**REQUIREMENT:**
Give the data again exactly as written, without any of its pictures.

**DATA BELOW:**
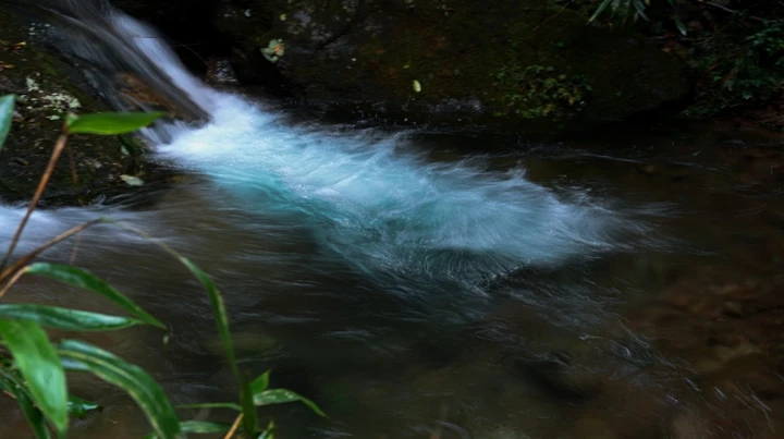 初循溪涧,但见素练垂霄;
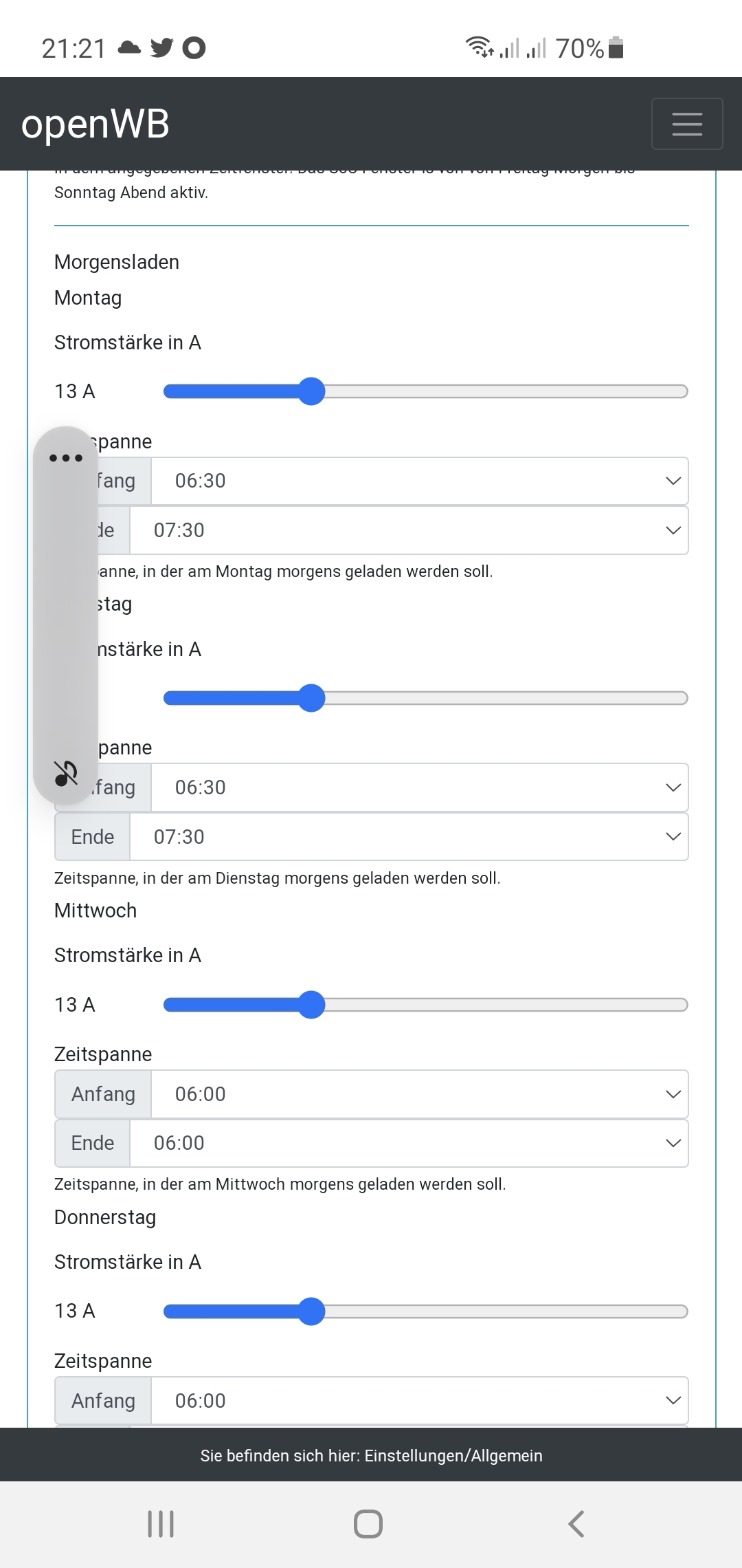 Das hängt auch ein bissl vom Auto ab. Wir haben hier einen Ion (c-Zero IMIEV) der macht die Heizung nur an, wenn er am Strom hängt und der SoC 100% ist. Ein Tesla heizt vor, solange der SoC noch über 20% ist. Für den Ion wird nachts geladen, damit der morgens voll ist. Morgens geht der Strom zu Laden wieder an, damit die Heizung funktioniert. Die Heizung selbst muss ja immer manuell angestoßen werden, das macht die openWB ja nicht. Beim Tesla ist kein Nachtladen aktiv, der nimmt immer den Überschuss ab bis er voll ist. Auch den Tesla heize ich manuell vor. Der macht das aber auch, wenn er nicht am Strom hängt.WBauer hat geschrieben: Mi Nov 17, 2021 7:31 am D.h., ich muss das Auto in einem Zeitraum laden (obwohl ich das evtl. gar nicht will) in dem ich das Vorheizen voraussichtlich starten werde. Bei unregelmäßigen Abfahrtszeiten muss das dann täglich angepasst werden.
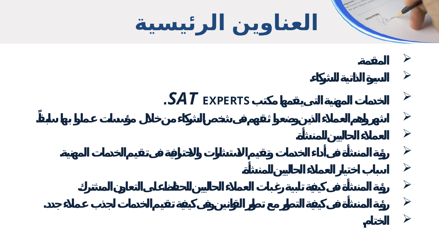 - المؤهلات العلمية والخبرات السابقة لدى شركاء المكتب
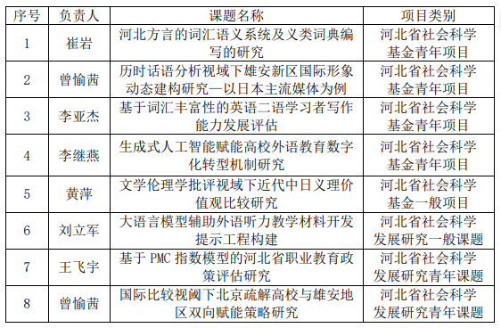 近日,河北省哲学社会科学工作办公室和河北省社会科学界联合会分别发布了2024年度课题立项公示,我院有8项课题获批立项,分别为河北省社会科学基金项目5项,河北省社会科学发展研究课题3项;其中青年课题6项。

**RESULT FOR THIS EXERCISE:**
 初循溪涧,但见素练垂霄;
 Das hängt auch ein bissl vom Auto ab. Wir haben hier einen Ion (c-Zero IMIEV) der macht die Heizung nur an, wenn er am Strom hängt und der SoC 100% ist. Ein Tesla heizt vor, solange der SoC noch über 20% ist. Für den Ion wird nachts geladen, damit der morgens voll ist. Morgens geht der Strom zu Laden wieder an, damit die Heizung funktioniert. Die Heizung selbst muss ja immer manuell angestoßen werden, das macht die openWB ja nicht. Beim Tesla ist kein Nachtladen aktiv, der nimmt immer den Überschuss ab bis er voll ist. Auch den Tesla heize ich manuell vor. Der macht das aber auch, wenn er nicht am Strom hängt.WBauer hat geschrieben: Mi Nov 17, 2021 7:31 am D.h., ich muss das Auto in einem Zeitraum laden (obwohl ich das evtl. gar nicht will) in dem ich das Vorheizen voraussichtlich starten werde. Bei unregelmäßigen Abfahrtszeiten muss das dann täglich angepasst werden.
 - المؤهلات العلمية والخبرات السابقة لدى شركاء المكتب
 近日,河北省哲学社会科学工作办公室和河北省社会科学界联合会分别发布了2024年度课题立项公示,我院有8项课题获批立项,分别为河北省社会科学基金项目5项,河北省社会科学发展研究课题3项;其中青年课题6项。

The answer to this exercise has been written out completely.